Kaçanik (Kaçaniku) or Kačanik (Качаник, /sh/), is a town and municipality located in the Ferizaj District of southern Kosovo. According to the 2024 census, Kaçanik’s urban population, including the Bob, is approximately 10,000 while the municipality as a whole has 27,742 inhabitants.The municipality covers an area of 220 km2, including the town of Kaçanik and total of 31 settlements.

== Name ==
The founder of the town Koxha Sinan Pasha called the town Kaçaniku.
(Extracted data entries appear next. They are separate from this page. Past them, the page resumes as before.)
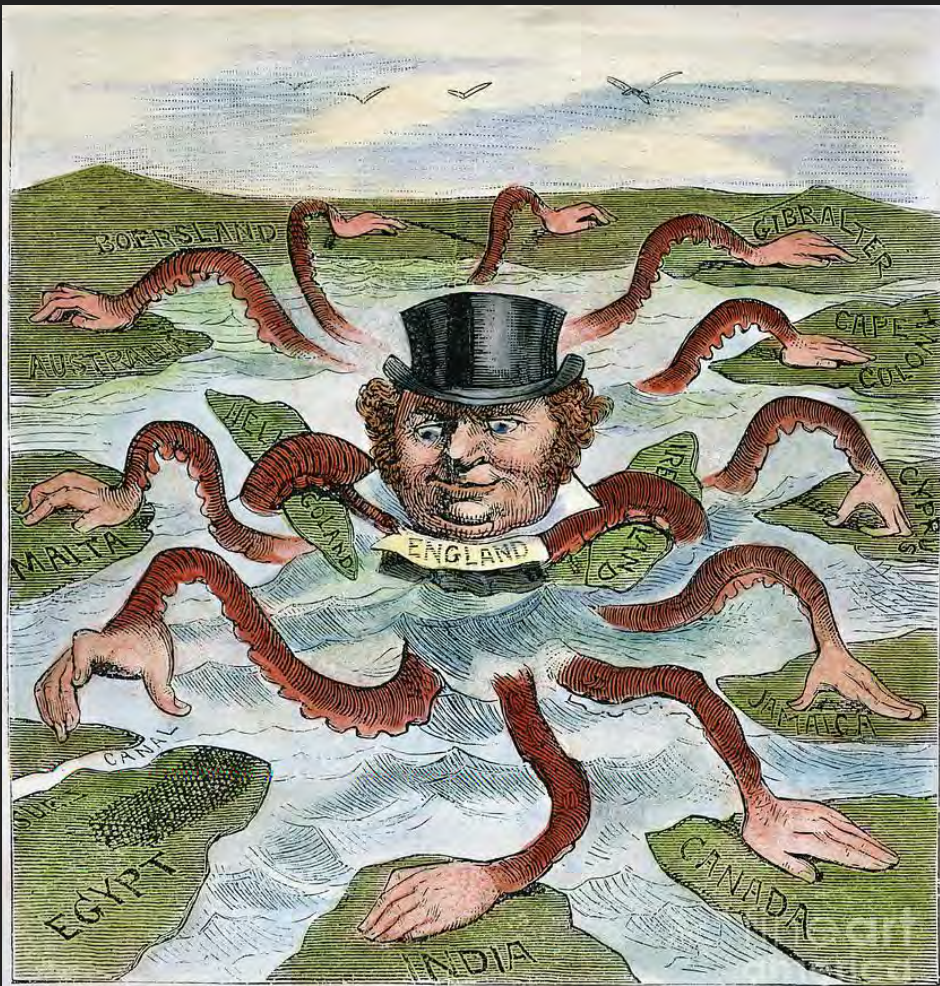
THE DEVILFISH IN EGYPTIAN WATERS.
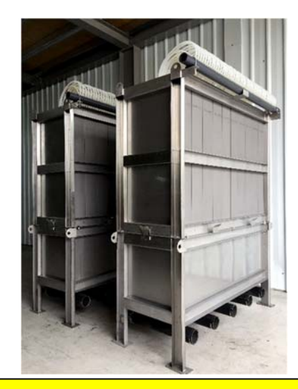
Module support structure that's easy to assemble at local welded factory!
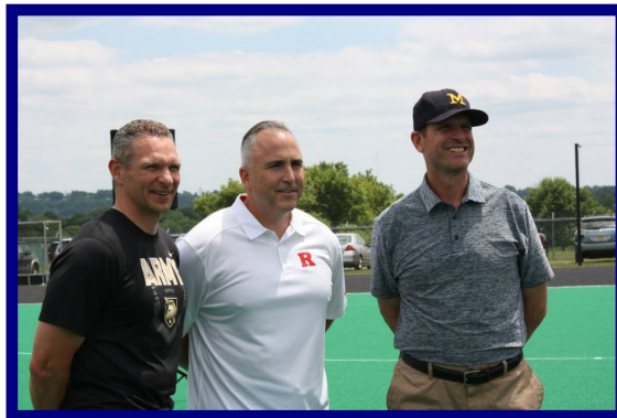
Army West Point Coach Jeff Monken, Rutgers Coach Kyle Flood, Michigan Coach Jim Harbaugh (from left to right).
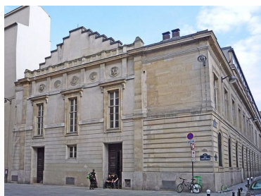
The Paris Conservatoire

Célément François Théodore Dubois , was born on August 24, 1837 in Rosnay, France and died on June 11, 1924 in Paris. He was a French composer, organist, and teacher known for his technical treatises on harmony, counterpoint and sight-reading. He studied under the cathedral organist at Rheims and at the Paris Conservatoire. In 1871 he succeeded César Franck as organist at the church of Sainte-Clotilde. In 1868 he was
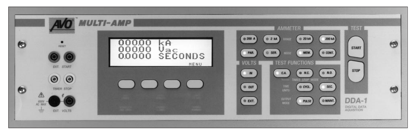
Model DDA-1600 uses the Model DDA-1 Digital Data Acquisition Instrumentation and Control System. This system offers the latest in digital signal processing technology to control the test set and measure reactions of the breaker under test.

Zero dc offset: Use of digitally controlled SCRs instead of a contactor to initiate the output of the test set eliminates closing-time error and ensures precise initiation at of the output current waveform every time.

In 1660, Ottoman writer and traveller Evliya Çelebi visited Kosovo and wrote that the town's name derived from the Ottoman Turkish word kaçanlar in reference to a group of Albanian bandits that operated in Üsküb and used the region of Kaçanik as a hideout.

==History==
===Early history===
The region of Kaçanik was one of the pathways, which were employed during Central European (akin to the Lusatian culture) migrations in the southern Balkans between 1200 and 1150 BCE. Roman era monuments include an altar that dates to 158–9 CE and is dedicated to a deity named Andinus (Deo Andino). The name Andinus appears among the central Illyrian and Dalmatian names, but the worship of Andinus seems to have been a local cult of southwestern Dardania as it doesn't appear in other parts of Illyria or the Roman Empire.

===Middle Ages===
After 9th century part of kingdom Raška and empire Serbia. Kaçanik was captured by the Ottomans in the 1420s. At that time Kaçanik was only a village registered by the Ottomans in 1455 defter as nahiyah.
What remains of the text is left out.